Seite drucken
Schwäbisch Hall

Stadt gedenkt der Opfer des Hessentaler Todesmarsches 1945

Artikel vom 04.04.2020

Anlässlich des 75. Jahrestages des Hessentaler Todesmarsches, in dessen Verlauf im April 1945 schätzungsweise 150 bis 200 Menschen getötet wurden, legte Oberbürgermeister Hermann-Josef Pelgrim am 5. April gemeinsam mit Folker Förtsch von der Initiative KZ-Gedenkstätte Hessental einen Kranz auf dem jüdischen Friedhof in Steinbach nieder.

Im Gedenken an die Opfer erklärt Pelgrim:

„Nach Jahren der Diskriminierung, der Entrechtung, der Verfolgung und der Folter, nach Monaten der Zwangsarbeit in Hessental wurden am 5. April 1945 die rund 700 Gefangenen des Konzentrationslagers Hessental nach Osten getrieben. Schätzungsweise wischen 150 und 200 Menschen wurden von den Wachmannschaften erschossen, erschlagen oder durch zuvor bewusst herbeigeführte Entkräftung und Krankheiten getötet.

75 Jahre später gedenken wir der Opfer dieses Verbrechens. Und wir müssen für dieses Gedenken Worte finden, wo Worte letztlich nur versagen können. Wie soll man es in Worte fassen, das unsägliche Leid, das in dieser Zeit von Menschen über Menschen gebracht wurde?

Und doch sind wir verpflichtet, gerade an solchen Tagen zu sprechen. Als Erinnerung an die Ermordeten, aber auch als Mahnung an uns Lebende, die nur heißen kann: Nie wieder! Nie wieder dürfen wir es zulassen, dass das Gift des Rassismus und des Antisemitismus sich in unserer Gesellschaft ausbreitet, dass Rechtsextremisten und Faschisten einen Resonanzboden für ihre menschenverachtendes Weltbild finden.

Die Kenntnis der historischen Fakten, das Wissen um die Verbrechen ist dabei das eine. Die Qualen der Opfer mit dem Herzen zu erfassen ist die größere Aufgabe, zumal mit den Jahren immer weniger Überlebende Zeugnis ablegen können, und das Gedenken mit zunehmendem zeitlichen Abstand Gefahr läuft, als bloßes Ritual wahrgenommen zu werden.

Mein Dank gilt an dieser Stelle der Initiative KZ-Gedenkstätte Hessental, die mit ihrem Engagement dazu beiträgt, nicht nur historisches Wissen, sondern auch emotionale Betroffenheit zu vermitteln. Damit wir das Leiden nicht vergessen. Damit wir die Opfer nicht vergessen. Und damit wir nicht vergessen, dass wir wachsam sein müssen, jeden Tag.

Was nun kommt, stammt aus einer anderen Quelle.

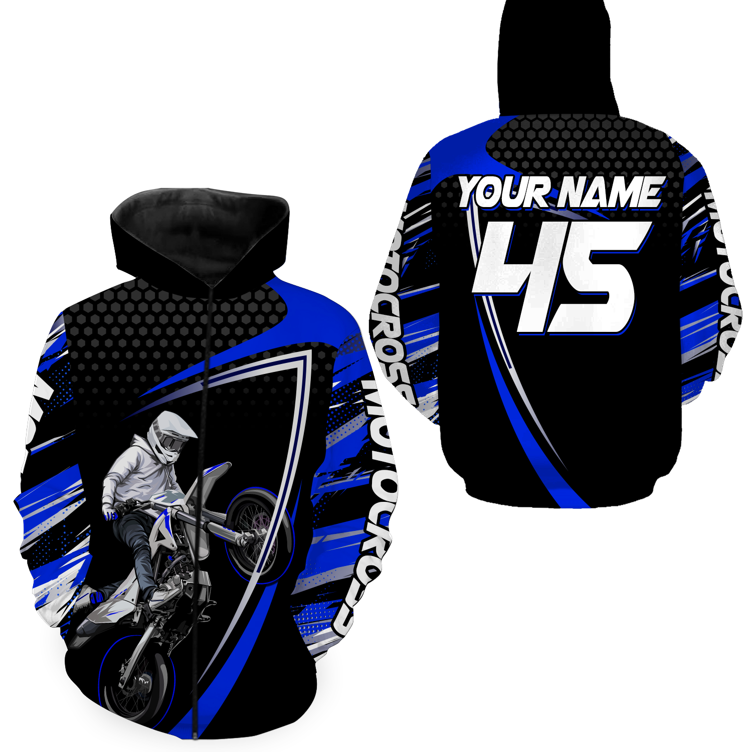 Blue Motocross Racing Hoodie Jersey For Men Women Motorcycle Dirt Bike Hoodie Zip MH124
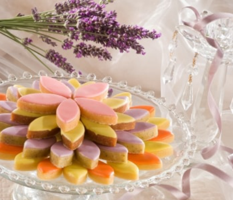 卡里颂杏仁饼是普罗旺斯的传统经典饼干。整体的形状是狭长且扁平的菱形饼干,上层裹着白色的糖霜,材料是新鲜的杏仁、糖渍蜜瓜、果酱等。普罗旺斯各家的饼铺都会有一些自己独特的配方,所以各家口味不尽相同。
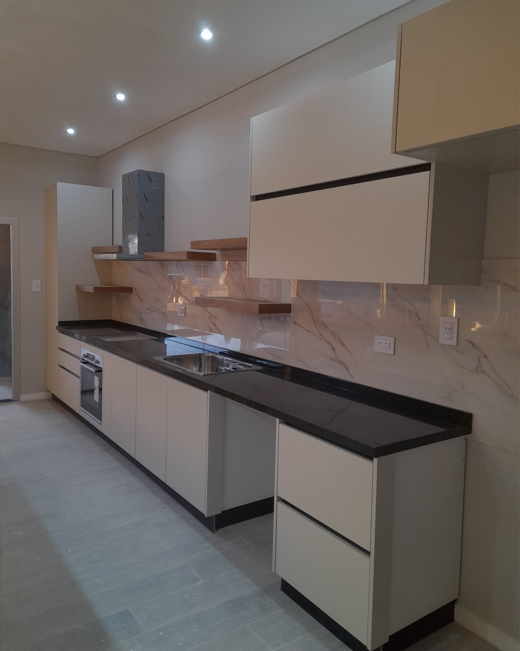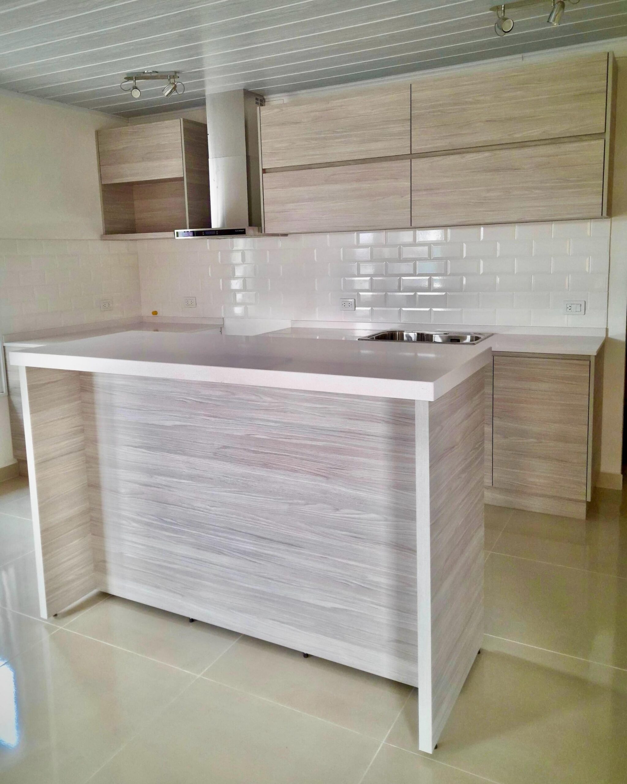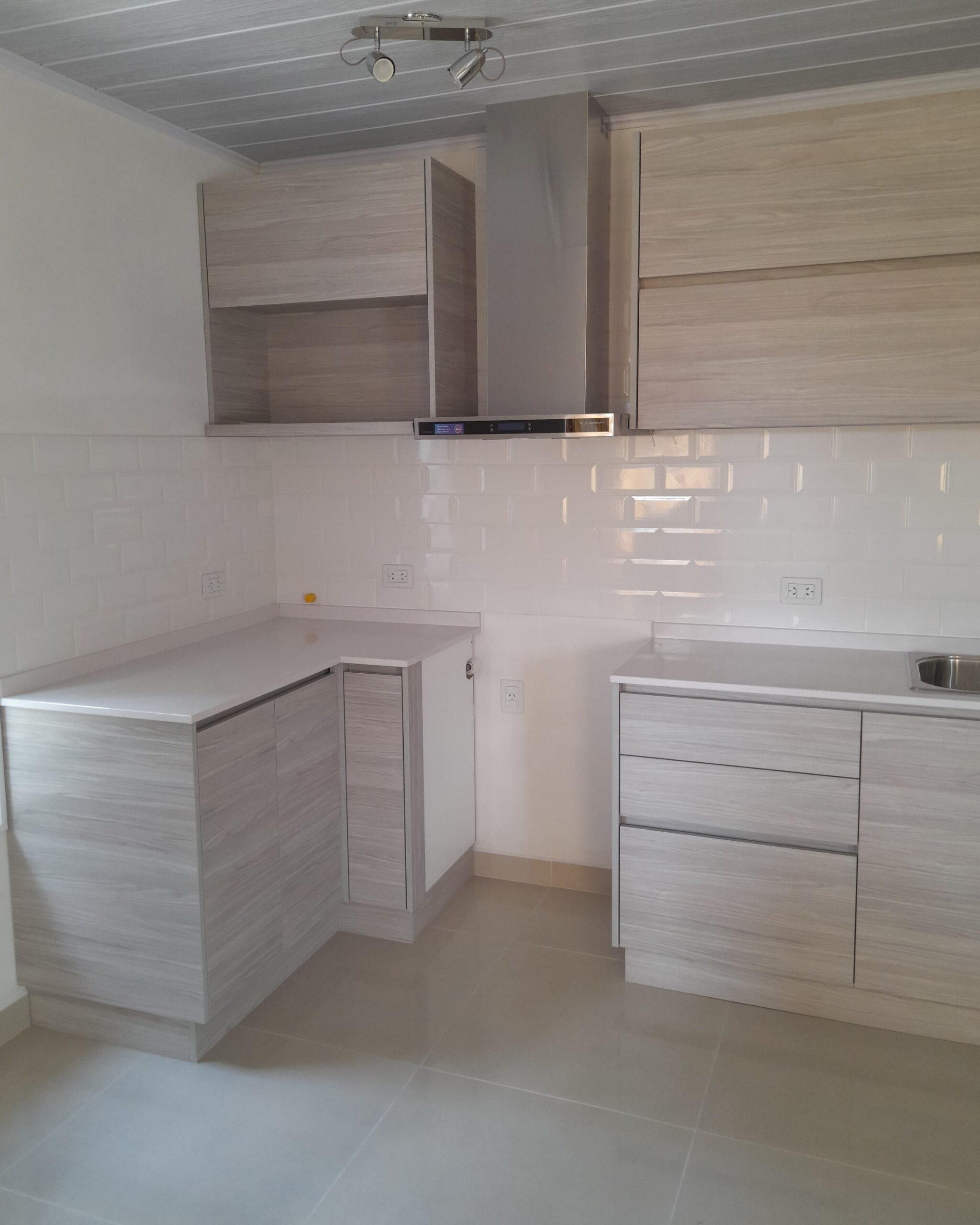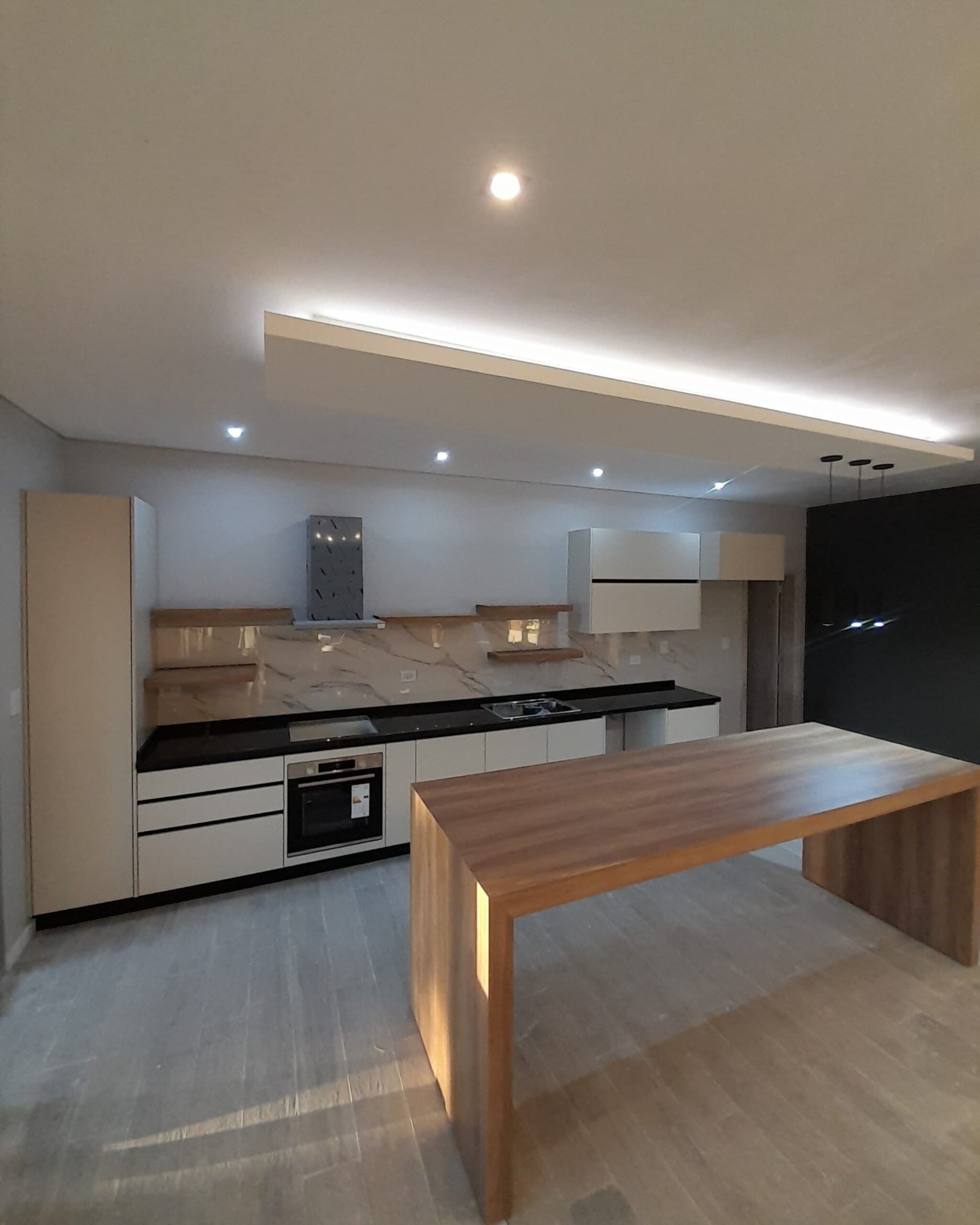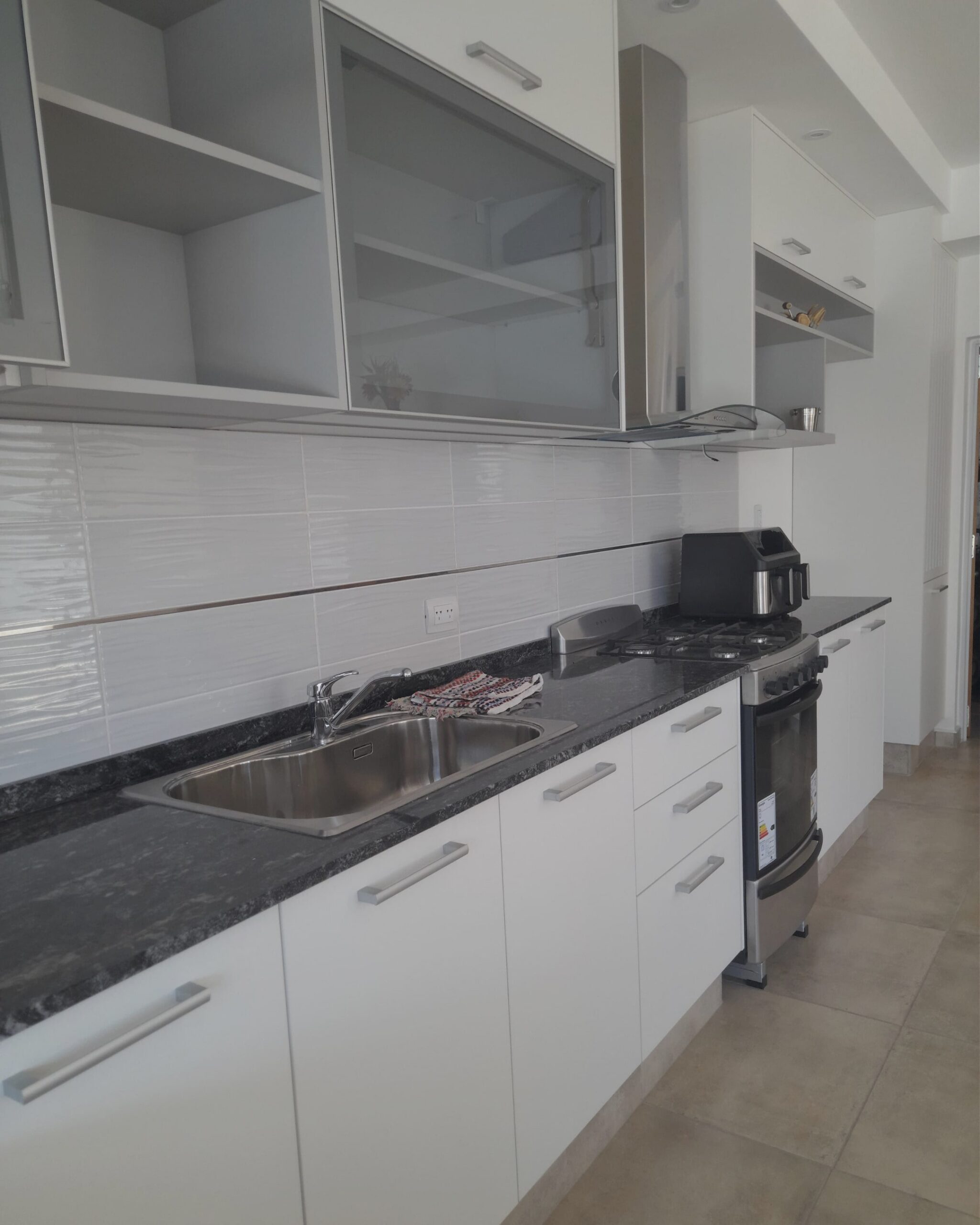 Para este proyecto desarrollamos una cocina de estilo abierto, con amoblamientos a medida que combinan funcionalidad, estética y materiales de calidad. Todo el mobiliario fue fabricado en melamina sobre MDF laqueado a pintura blanca, con frentes sin herrajes y sistema de gola en melamina, logrando una línea visual limpia y moderna.
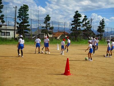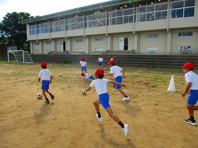 ドリブルやパスを中心に練習しました。一生懸命、ドリブルしたり、パスをもらうために走ったりする姿がありました。

Das fängt schon bei Worten an. Das Leid der Juden und anderer verfolgten Gruppen begann ja nicht damit, dass aus heiterem Himmel Konzentrationslager aus dem Boden gestampft worden wären. Es begann mit Verächtlichmachung, mit Stigmatisierung, mit verbaler Erniedrigung. Wo immer wir solche Tendenzen wahrnehmen, wo eine erinnerungspolitische Wende gefordert oder die Grenze des Sagbaren Stück um Stück verschoben wird, sind wir als Gesellschaft gefordert, laut und vernehmlich Einhalt zu gebieten.

Wir verneigen uns heute in Trauer vor den Opfern des Hessentaler Todesmarsches. Sie sind Teil der Geschichte Schwäbisch Halls – so schmerzlich und beschämend die Erinnerung an ihre Ermordung für uns auch sein mag.

Mögen Friede, Solidarität, Respekt und die Achtung der Menschenrechte die Zukunft bestimmen!"